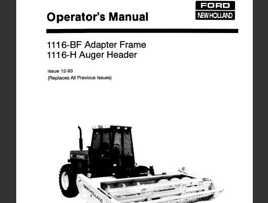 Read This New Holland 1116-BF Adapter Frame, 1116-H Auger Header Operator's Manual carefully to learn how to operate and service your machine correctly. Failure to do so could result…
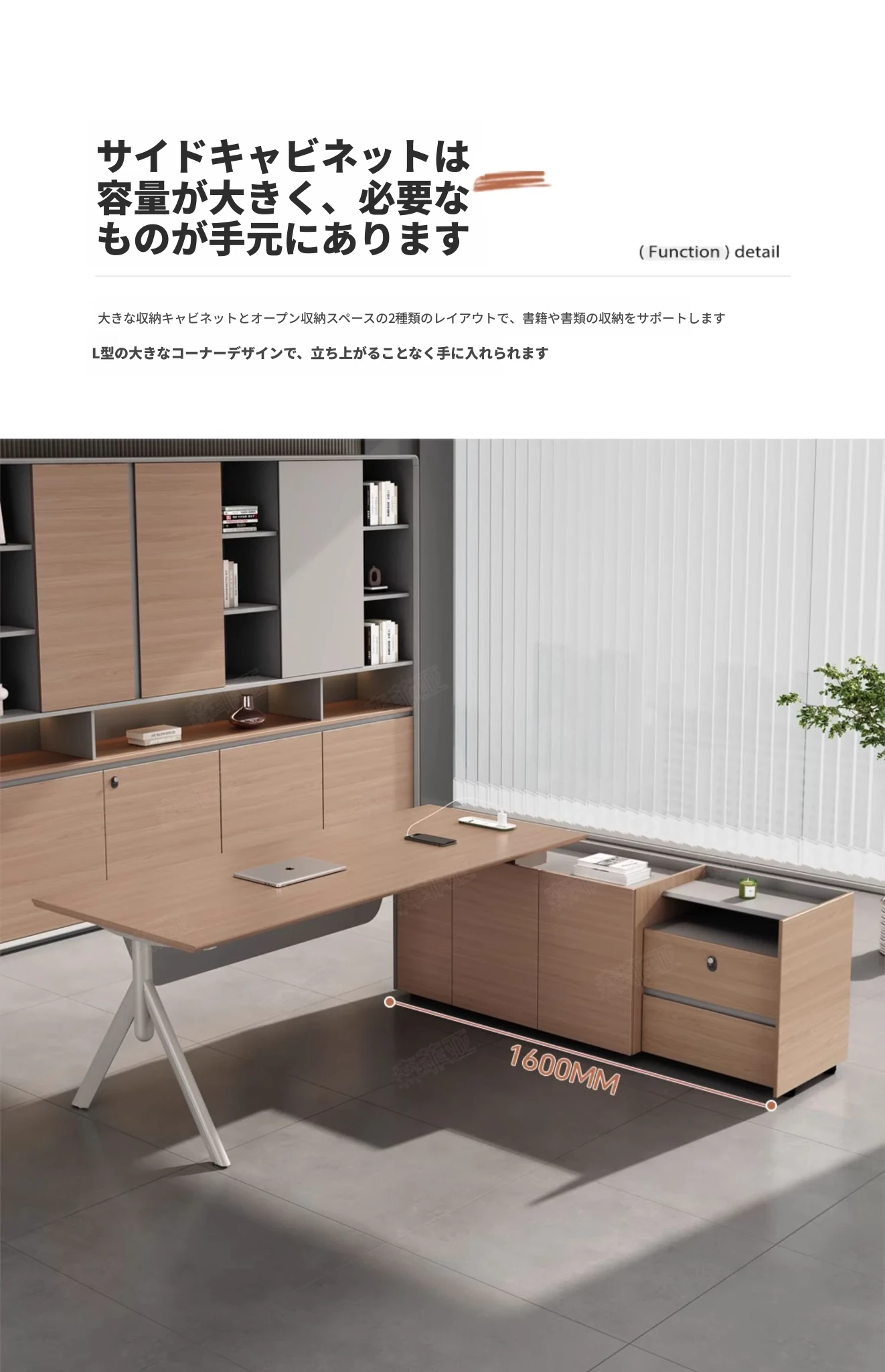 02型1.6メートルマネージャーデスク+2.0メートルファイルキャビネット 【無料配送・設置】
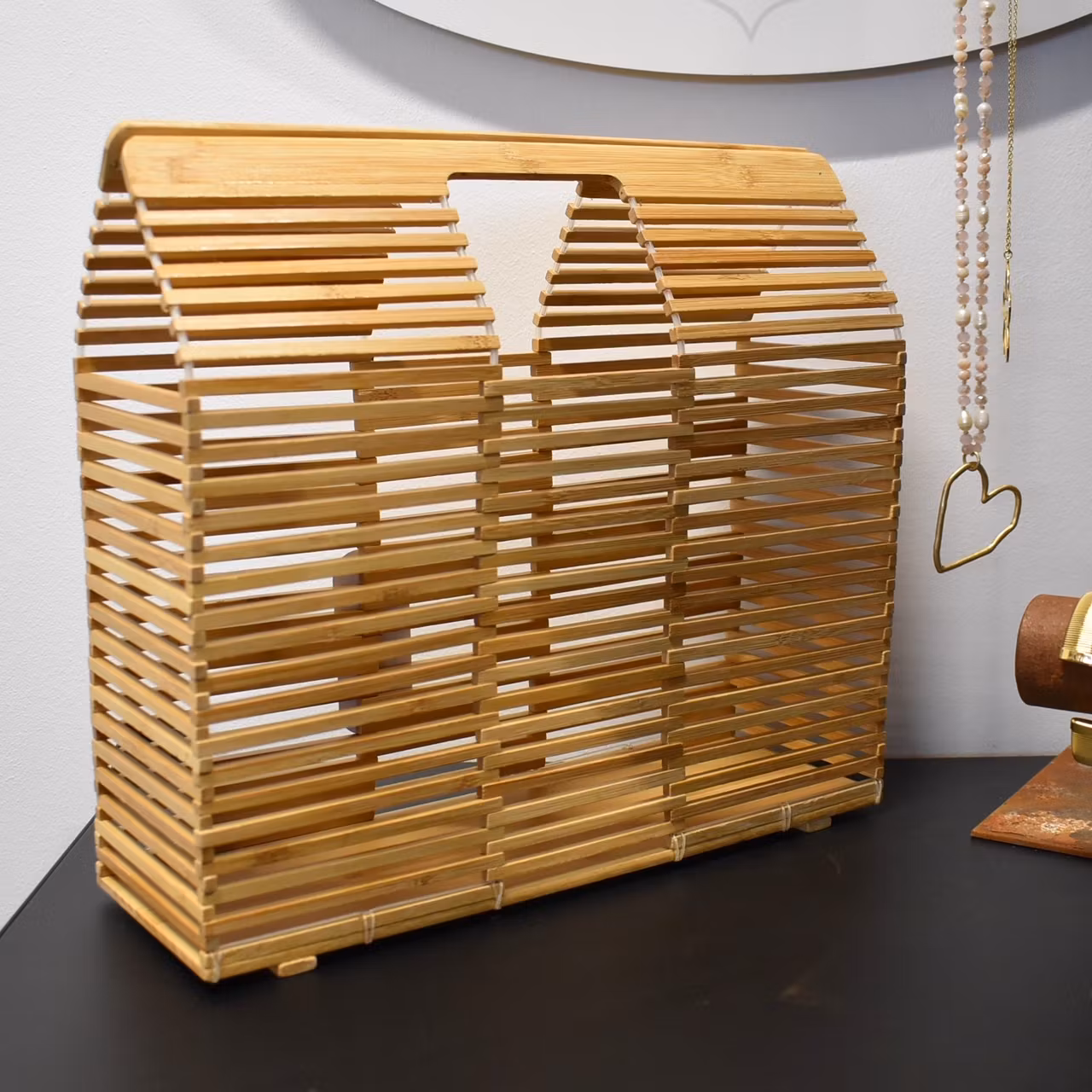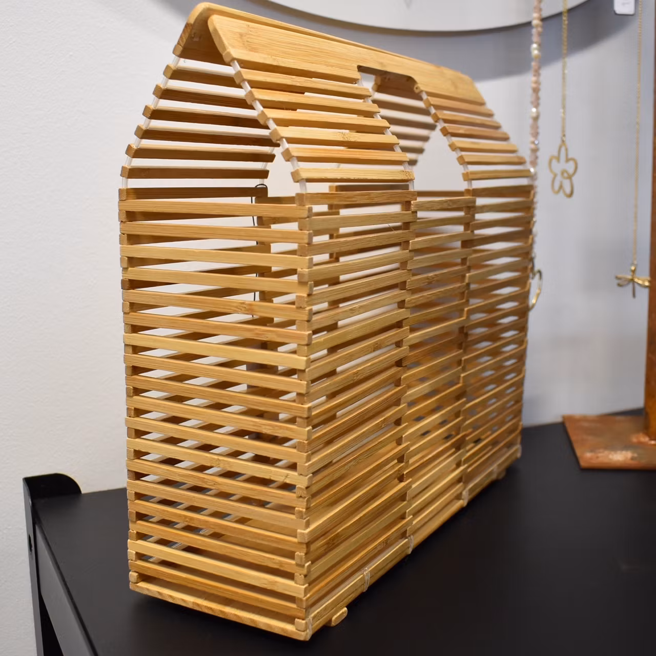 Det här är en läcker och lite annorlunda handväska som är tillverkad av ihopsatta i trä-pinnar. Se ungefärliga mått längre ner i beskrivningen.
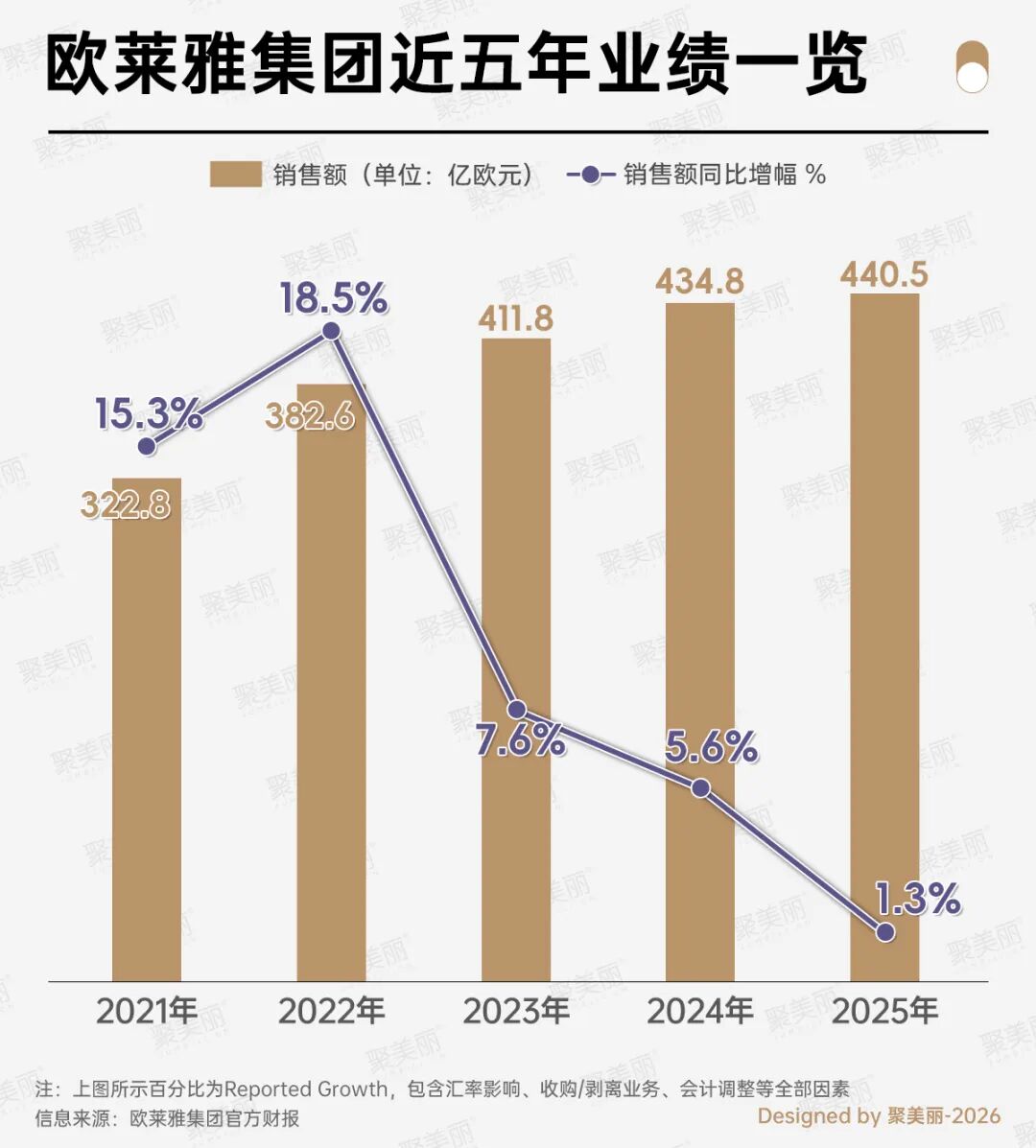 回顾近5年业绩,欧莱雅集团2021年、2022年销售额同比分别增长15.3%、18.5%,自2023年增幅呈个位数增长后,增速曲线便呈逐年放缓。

.....

Find the line that contains "02型1.6メートルマネージ" and repeat it, along with every line after it to the end of the data, exactly; drop the pictures.

→ Expected answer:
 02型1.6メートルマネージャーデスク+2.0メートルファイルキャビネット 【無料配送・設置】
 Det här är en läcker och lite annorlunda handväska som är tillverkad av ihopsatta i trä-pinnar. Se ungefärliga mått längre ner i beskrivningen.
 回顾近5年业绩,欧莱雅集团2021年、2022年销售额同比分别增长15.3%、18.5%,自2023年增幅呈个位数增长后,增速曲线便呈逐年放缓。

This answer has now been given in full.